Número de tribos isoladas dobra na América do Sul, mas maioria está em situação de risco

Por Fernanda Odilla, da BBC News Brasil

Muitos são guerreiros, que se defendem atacando e ainda usam arco e flecha. Outros são caçadores-coletores. Há entre eles nômades, capazes de construir uma moradia em poucas horas e abandoná-la dias depois.

Do pouco que se sabe sobre povos indígenas em situação de isolamento, é possível afirmar que eles estão, em sua maioria, em sete países da América do Sul, em especial na região amazônica. Fora da América do Sul, há registros de grupos isolados apenas na Índia e na Papua-Nova Guiné. Há também, entre indigenistas e indígenas, a certeza de que esses grupos não querem manter contato com outros grupos ou não índios.

Agora, um relatório inédito, elaborado pelo indigenista brasileiro Antenor Vaz, revela também que o número de povos isolados registrados está crescendo na América do Sul.

Num intervalo de quase 15 anos, a região viu dobrar o número de povos indígenas em situação de isolamento, que são classificados como confirmados (com existência reconhecida pelo Estado e/ou sociedade civil) e a confirmar (avistados, mas ainda pendentes de evidências e testemunhos irrefutáveis).

Segundo o levantamento, os registros da presença de grupos isolados saltaram de 84 para 185 entre 2005 e 2019, mas a situação de 119 deles é considerada extremante preocupante.

“Estão encurralados, principalmente, por madeireiros, garimpeiros ou por grupos rivais. De um modo geral, o Estado não consegue ter um sistema eficiente de localização nem de proteção”, afirma o indigenista, emendando que todos os países experimentam uma redução de recursos para políticas específicas para esses grupos.

Segundo ele, há situação de conflito no Peru, no Equador e no Brasil.

Mapa indicando onde estão os grupos isolados na América do Sul (pontos brancos), principais áreas de desmatamento (laranja escuro) e atividades de exploração de gás e óleo (laranja claro) – CORTESIA/ANTENOR VAZ

Ameaças concretas

O indigenista cita o narcotráfico, a grilagem de terra, a exploração de recursos naturais, obras de infraestrutura, agronegócio e o turismo desordenado como ameaças aos indígenas isolados.
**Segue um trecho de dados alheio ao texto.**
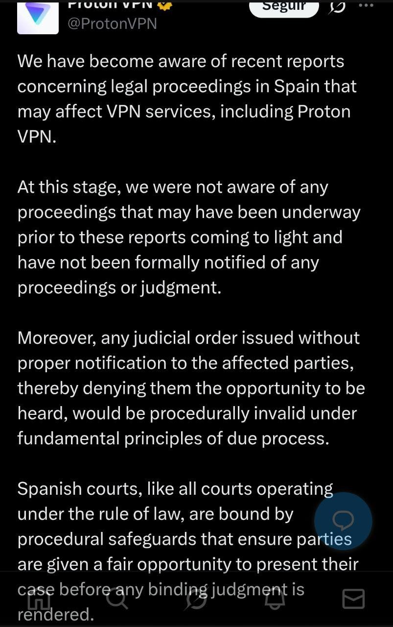 -. LaLiga no para hasta que se caiga por un precipicio. Ahora parece que han conseguido que un juzgado de lo mercantil de Granada les permita requerir a las propias VPN el bloqueo de x direcciones IP. Justo a dos de las grandes: Nord y Proton.

A intensidade dessas ameaças, contudo, varia a depender do país.

“Os territórios ocupados por esses grupos estão ameaçadas por grandes projetos governamentais e privados, bem como por ações ilícitas, principalmente em regiões fronteiriças, onde a presença protetiva dos Estados é mínima”, observa.

A partir de informes elaborados por organizações indígenas e indigenistas de Brasil, Bolívia, Colômbia, Equador, Paraguai, Peru e Venezuela, Vaz detalha situação de povos indígenas isolados desses países.
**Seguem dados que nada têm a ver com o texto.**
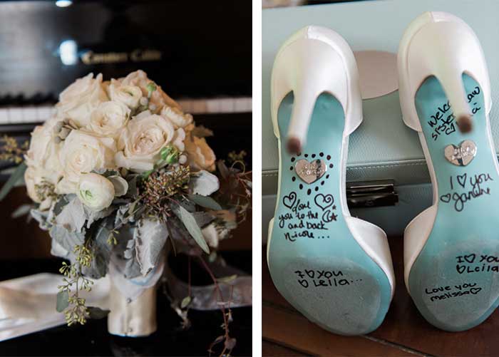 Maria and I decided to showcase the wedding venues front and center in the designs and then surround them with paintings of the lush, romantic flowers they had planned for the bouquets and floral arrangements. This added a gorgeous pop of color to the invitations for this winter wedding. To learn more about Custom Wedding Invitations, click here.

Para entender regionalmente a situação dos territórios desses povos com realidades políticas específicas e marcos legais para reconhecimento dos territórios indígenas distintos, diz o indigenista, foi importante contar com um coletivo de profissionais de diferentes áreas do conhecimento dos países envolvidos.

No relatório, Vaz contabiliza aumento de grupos confirmados (51 em 2005 para 66 em 2019) e um salto expressivo no número de povos isolados a confirmar (33 em 2005 para 119 em 2019) – o que, segundo o indigenista, mostra a necessidade de pesquisar e proteger ainda mais esses territórios.

O documento será apresentado à Organização das Nações Unidas nesta semana, no 18ª sessão do Fórum Permanente das Nações Unidas sobre Questões Indígenas.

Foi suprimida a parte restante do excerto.